# SOURCE MATERIAL

____

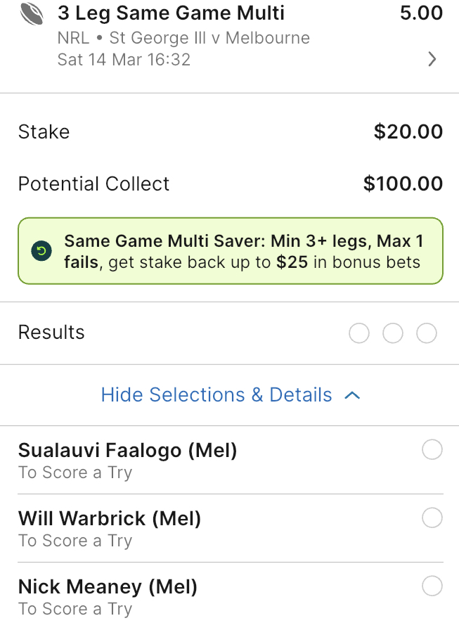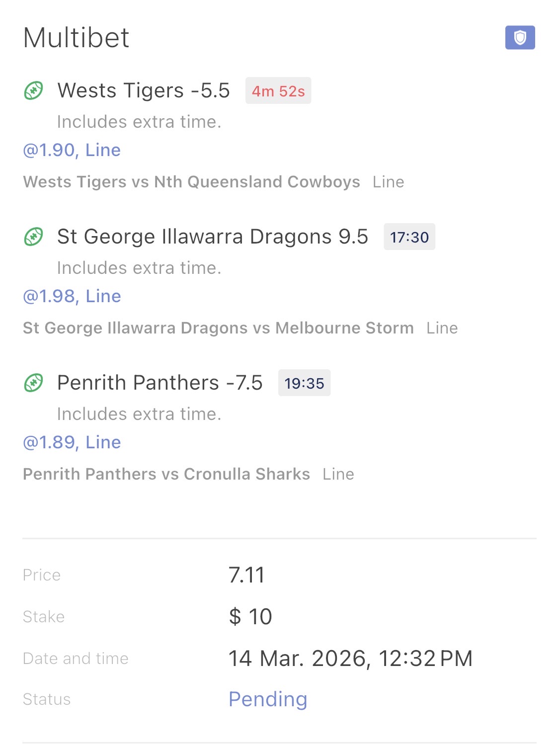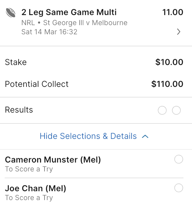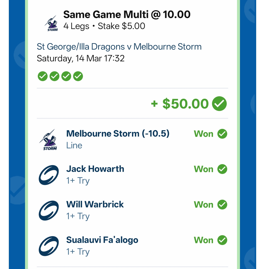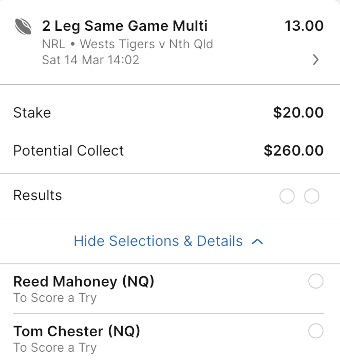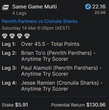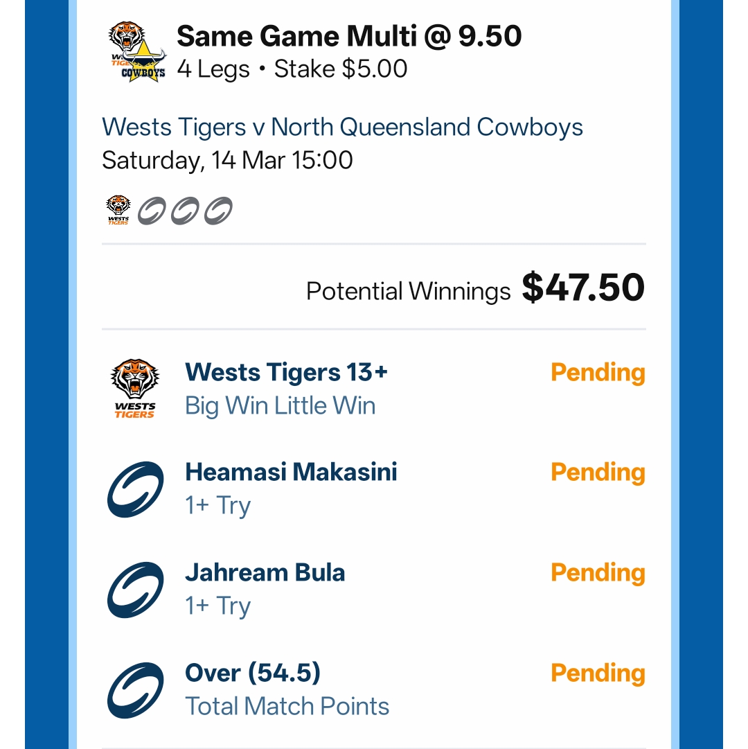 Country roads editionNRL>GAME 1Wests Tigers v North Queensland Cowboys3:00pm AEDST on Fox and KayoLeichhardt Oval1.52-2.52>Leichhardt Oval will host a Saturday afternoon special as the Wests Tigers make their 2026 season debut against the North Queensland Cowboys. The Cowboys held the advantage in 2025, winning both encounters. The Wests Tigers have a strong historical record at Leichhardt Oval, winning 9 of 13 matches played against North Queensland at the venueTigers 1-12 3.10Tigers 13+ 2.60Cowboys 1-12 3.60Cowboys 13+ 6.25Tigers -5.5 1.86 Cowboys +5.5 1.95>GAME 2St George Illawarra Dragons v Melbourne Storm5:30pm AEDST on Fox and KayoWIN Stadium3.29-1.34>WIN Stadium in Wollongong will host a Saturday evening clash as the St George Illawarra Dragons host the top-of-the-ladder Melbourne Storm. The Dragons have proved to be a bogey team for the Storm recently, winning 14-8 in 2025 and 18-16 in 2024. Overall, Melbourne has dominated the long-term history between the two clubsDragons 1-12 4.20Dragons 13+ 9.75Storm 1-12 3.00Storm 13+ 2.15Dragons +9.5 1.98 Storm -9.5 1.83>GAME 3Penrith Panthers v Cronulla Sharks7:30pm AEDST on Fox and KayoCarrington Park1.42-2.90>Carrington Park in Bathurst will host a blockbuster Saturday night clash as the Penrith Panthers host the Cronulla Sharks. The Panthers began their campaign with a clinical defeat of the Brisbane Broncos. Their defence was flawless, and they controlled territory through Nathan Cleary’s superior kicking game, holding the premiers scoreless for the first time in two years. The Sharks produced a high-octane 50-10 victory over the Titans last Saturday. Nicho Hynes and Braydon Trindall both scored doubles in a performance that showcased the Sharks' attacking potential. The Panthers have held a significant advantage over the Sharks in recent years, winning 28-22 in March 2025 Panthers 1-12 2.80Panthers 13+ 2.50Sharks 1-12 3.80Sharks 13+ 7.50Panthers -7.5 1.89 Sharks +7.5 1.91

____

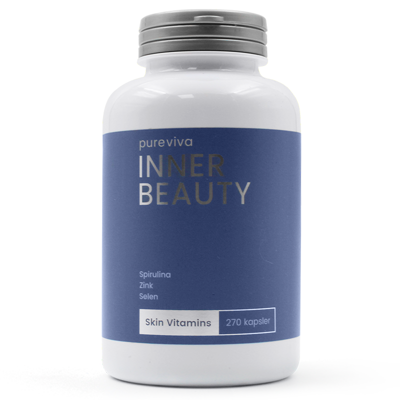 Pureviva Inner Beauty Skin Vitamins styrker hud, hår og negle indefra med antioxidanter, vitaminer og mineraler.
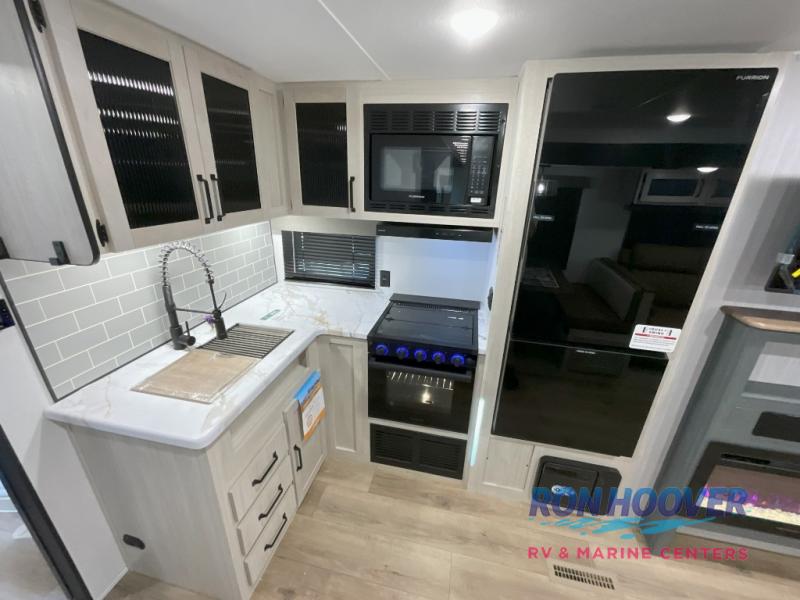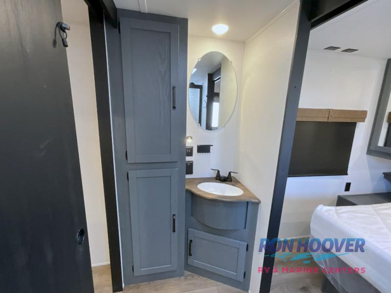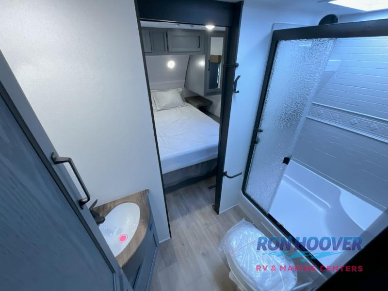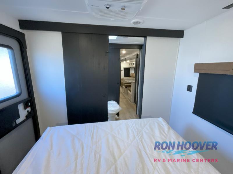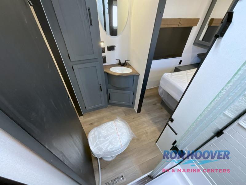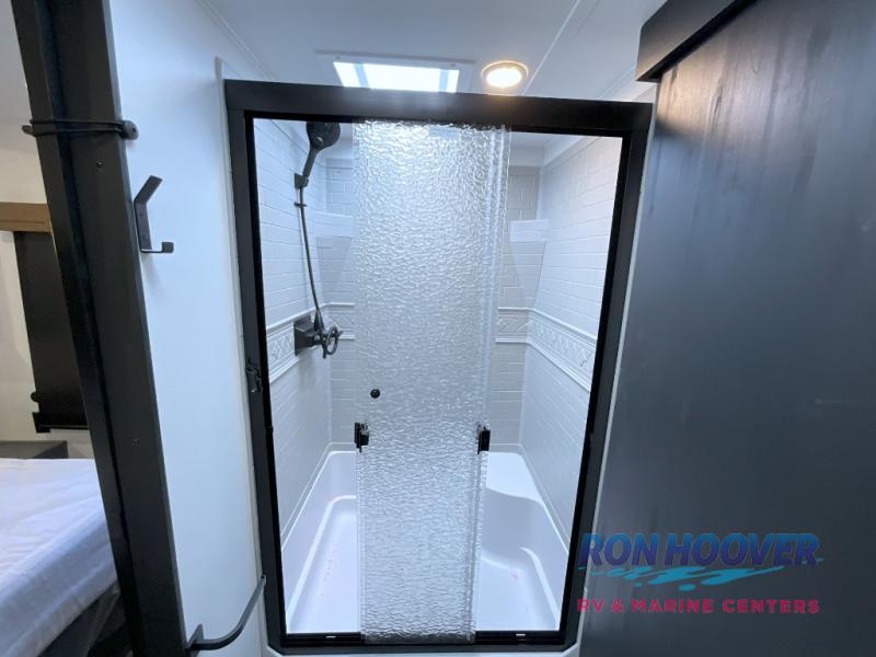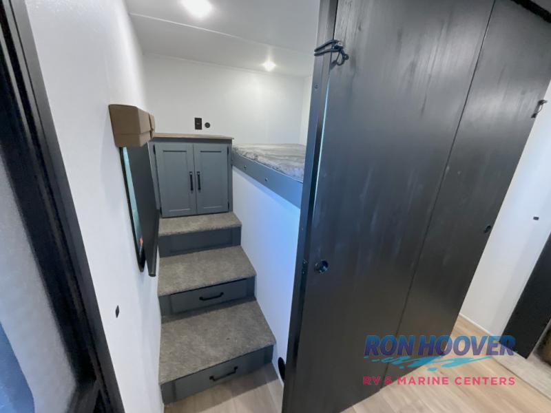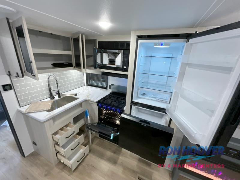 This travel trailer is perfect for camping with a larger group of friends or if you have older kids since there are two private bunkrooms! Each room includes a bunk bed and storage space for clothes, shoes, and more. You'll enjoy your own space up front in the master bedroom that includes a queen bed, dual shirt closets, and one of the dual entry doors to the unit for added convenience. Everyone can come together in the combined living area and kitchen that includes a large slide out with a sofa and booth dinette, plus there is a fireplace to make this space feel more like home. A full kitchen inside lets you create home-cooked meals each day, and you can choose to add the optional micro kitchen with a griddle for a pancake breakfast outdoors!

____

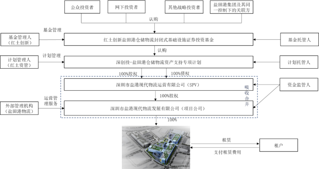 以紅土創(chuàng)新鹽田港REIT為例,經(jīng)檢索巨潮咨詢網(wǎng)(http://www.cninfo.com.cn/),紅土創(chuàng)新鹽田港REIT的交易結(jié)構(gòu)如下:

____

# BRIEF
What is wanted is an exact copy of the lines above from the one containing "Pureviva Inner Beauty" through the one containing "This travel trailer", with no pictures in it.

# OUTPUT BELOW
 Pureviva Inner Beauty Skin Vitamins styrker hud, hår og negle indefra med antioxidanter, vitaminer og mineraler.
 This travel trailer is perfect for camping with a larger group of friends or if you have older kids since there are two private bunkrooms! Each room includes a bunk bed and storage space for clothes, shoes, and more. You'll enjoy your own space up front in the master bedroom that includes a queen bed, dual shirt closets, and one of the dual entry doors to the unit for added convenience. Everyone can come together in the combined living area and kitchen that includes a large slide out with a sofa and booth dinette, plus there is a fireplace to make this space feel more like home. A full kitchen inside lets you create home-cooked meals each day, and you can choose to add the optional micro kitchen with a griddle for a pancake breakfast outdoors!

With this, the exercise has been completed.